I’ll provide the complete implementation details since this generated significant interest.
Container resource metrics collection started with IBM Cloud Monitoring agent deployment across all clusters using DaemonSets. We configured the agent to capture metrics at 30-second intervals for CPU usage, memory working set, network I/O, disk I/O, and container restart counts. Critical custom metrics included: container CPU throttling percentage, memory pressure indicators, and pod scheduling latency. We exported these to Prometheus for long-term storage and analysis, maintaining 90 days of high-resolution data and 1 year of downsampled metrics.
Cluster utilization analysis revealed the core problem - massive over-provisioning. Average cluster CPU utilization was 38%, memory 42%, but individual nodes ranged from 15% to 85%. The issue was poor workload distribution and overly conservative resource requests. We analyzed actual resource consumption patterns using percentile analysis: p50, p95, and p99 usage over 30-day windows. Most applications consumed 30-40% of their requested resources under normal load, 60-70% during peak periods. This data informed our right-sizing strategy.
Workload consolidation happened in three phases. Phase 1: We created workload profiles by analyzing resource usage patterns, identifying five distinct categories - CPU-bound batch jobs, memory-intensive data processing, I/O-heavy database workloads, bursty web services, and steady-state background services. Phase 2: We consolidated compatible workloads onto dedicated node pools with appropriate instance types. CPU-bound workloads got compute-optimized nodes, memory-intensive workloads got memory-optimized instances. Phase 3: We implemented pod topology spread constraints and anti-affinity rules to prevent resource contention. This reduced our node count from 247 to 156 nodes while improving average utilization to 68%.

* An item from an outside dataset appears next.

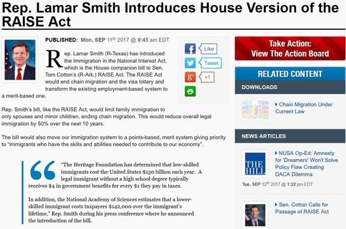 Rep. Lamar Smith (R-Texas) has introduced the Immigration in the National Interest Act, which is the House companion bill to Sen. Tom Cotton’s (R-Ark.) RAISE Act. The RAISE Act would end chain migration and the visa lottery and transform the existing employment-based system to a merit-based one.What’s in it?Rep. Lamar Smith Introduces House Version of the RAISE Act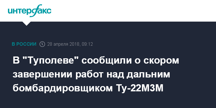 Ранее генеральный директор ПАО "Туполев" (входит в "Объединенную авиастроительную корпорацию", ОАК) Конюхов сообщил "Интерфаксу", что первый модернизированный дальний сверхзвуковой ракетоносец-бомбардировщик Ту-22М3М будет представлен в 2018 году.

Cost attribution required comprehensive tagging strategy. We enforced mandatory labels on all resources: team, application, environment, cost-center, and business-unit. IBM Cloud Monitoring dashboards aggregated resource consumption by these dimensions, calculating cost per team based on CPU-hours and GB-hours consumed. We implemented monthly chargeback reports showing each team’s infrastructure costs with drill-down to specific applications and namespaces. This visibility drove behavioral changes - teams started optimizing their resource requests when they saw the cost impact.
Performance SLA maintenance was critical during optimization. We established baseline SLAs before changes: 99.9% uptime, p95 response time under 200ms, zero data loss. During right-sizing, we implemented a gradual rollout strategy - optimize 10% of workloads weekly, monitor for 72 hours, validate SLA compliance, then proceed. We used Horizontal Pod Autoscaling (HPA) as a safety net - if resource constraints caused performance issues, HPA would scale out replicas. We implemented automated rollback triggers: if error rate exceeded 0.5% or p95 latency increased by more than 20%, the system automatically reverted resource settings. Over six months, we executed 847 optimization changes with only 3 rollbacks needed.
The 42% cost reduction came from multiple sources: 37% from node count reduction through consolidation, 28% from right-sizing individual workloads, 20% from eliminating idle resources, and 15% from better instance type selection. We maintained SLA compliance at 99.94% throughout the optimization period, actually improving from the previous 99.87%. The monitoring infrastructure itself costs $3,200 monthly but saves $47,000 monthly in infrastructure costs, providing 14.7x ROI. Teams now have real-time visibility into resource consumption and costs, enabling continuous optimization rather than periodic cost-cutting exercises.